[Saved data entries]
--- START ---

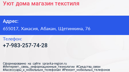 Уют дома, магазин текстиля по адресу 655017, Хакасия, Абакан, Щетинкина, 76 в дальнейшем Организация, размещена в следующих категориях:
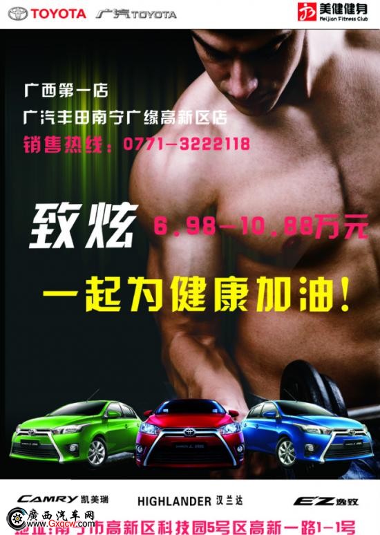 現(xiàn)在追求健康時(shí)尚的生活,3月19日 致炫 邀你一起為健康加油!廣汽豐田南寧廣緣高新區(qū)店攜手美健健身會(huì)所為生活添彩。 還等什么呢?還有更多的驚喜和優(yōu)惠等著您!趕快來體驗(yàn)人車生活的無限樂趣吧!
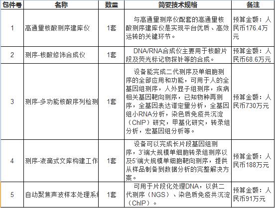 采購內(nèi)容:高通量核酸測(cè)序建庫儀、測(cè)序-核酸修飾合成儀、測(cè)序-多功能核酸序列檢測(cè)系統(tǒng)、測(cè)序-液滴式文庫構(gòu)建工作站、自動(dòng)聚焦聲波樣本處理系統(tǒng)。
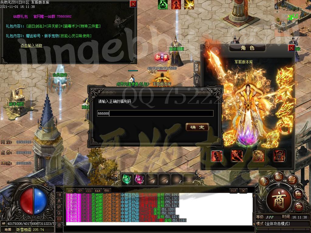 首先玩家上线 第一件事情就是到(土城 202 72)处领取QQ群礼包,赠送新技能及施毒术 称号宝宝 !礼包码为:666888
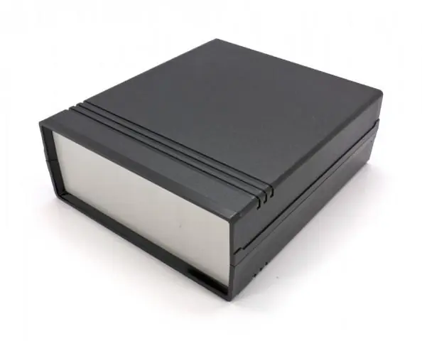 Praktisk låda i svart plast och paneler av aluminium.
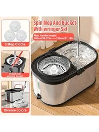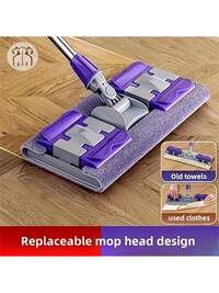 SHEIN 1 PIEZA Mopa sin manos, mopa plana con mango de acero inoxidable, para uso en seco y húmedo, almohadilla de mopa giratoria, diseño de clip con escurridor, limpieza de pisos de baldosas y madera dura, herramienta de limpieza de baño, mopa absorbente, mopa plana para piso de madera (incluye almohadilla de mopa*1), protege el piso, sin residuos #2 Más vendidos
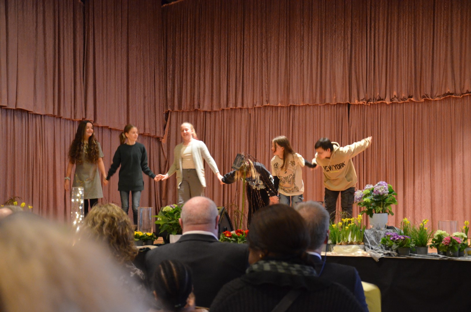 Musikalisch eröffnet wurde die Preisverleihung durch zwei Beiträge der von Ralf Erkel geleiteten Show-AG, die sowohl auf spanisch als auch auf englisch glänzen konnten. Im Anschluss nahmen uns einige Schüler:innen der Förderstufe mit an zwei besondere Orte: Im „Schwimmbad“ und „Auf der Kirmes“ lernten wir die Theater-AG von Frau Finke kennen.
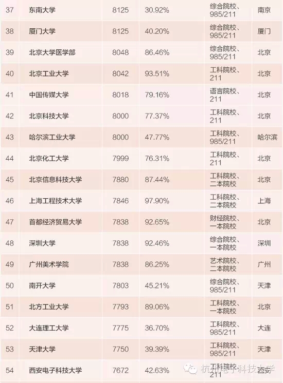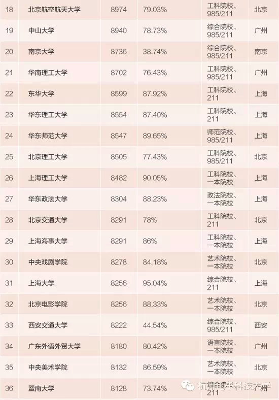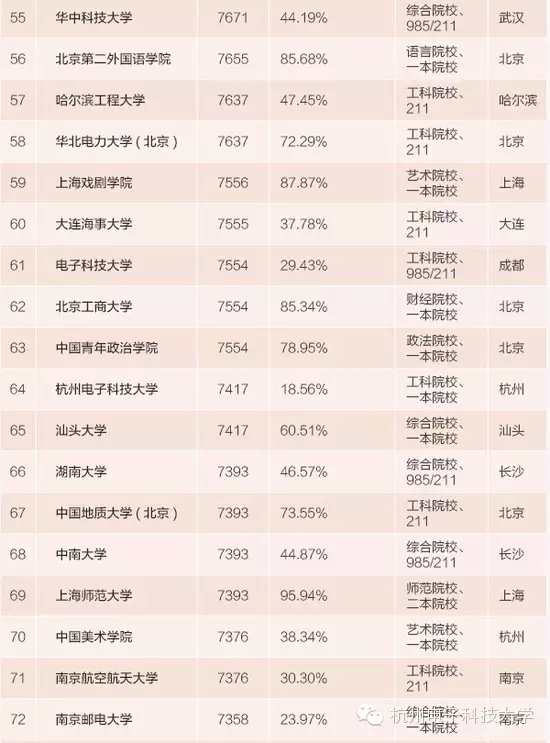 我省共有4所高校入围百强排行榜。其它3所高校分别是:浙江大学(排名第12)、中国美术学院(排名第70)、浙江财经大学(排名第95)。

--- END ---

Work instructions =>
Nothing should appear in the answer except the lines from the first line of the data through the line holding "Praktisk låda i", exactly as written, with pictures left out.

Worked solution =>
 Уют дома, магазин текстиля по адресу 655017, Хакасия, Абакан, Щетинкина, 76 в дальнейшем Организация, размещена в следующих категориях:
 現(xiàn)在追求健康時(shí)尚的生活,3月19日 致炫 邀你一起為健康加油!廣汽豐田南寧廣緣高新區(qū)店攜手美健健身會(huì)所為生活添彩。 還等什么呢?還有更多的驚喜和優(yōu)惠等著您!趕快來體驗(yàn)人車生活的無限樂趣吧!
 采購內(nèi)容:高通量核酸測(cè)序建庫儀、測(cè)序-核酸修飾合成儀、測(cè)序-多功能核酸序列檢測(cè)系統(tǒng)、測(cè)序-液滴式文庫構(gòu)建工作站、自動(dòng)聚焦聲波樣本處理系統(tǒng)。
 首先玩家上线 第一件事情就是到(土城 202 72)处领取QQ群礼包,赠送新技能及施毒术 称号宝宝 !礼包码为:666888
 Praktisk låda i svart plast och paneler av aluminium.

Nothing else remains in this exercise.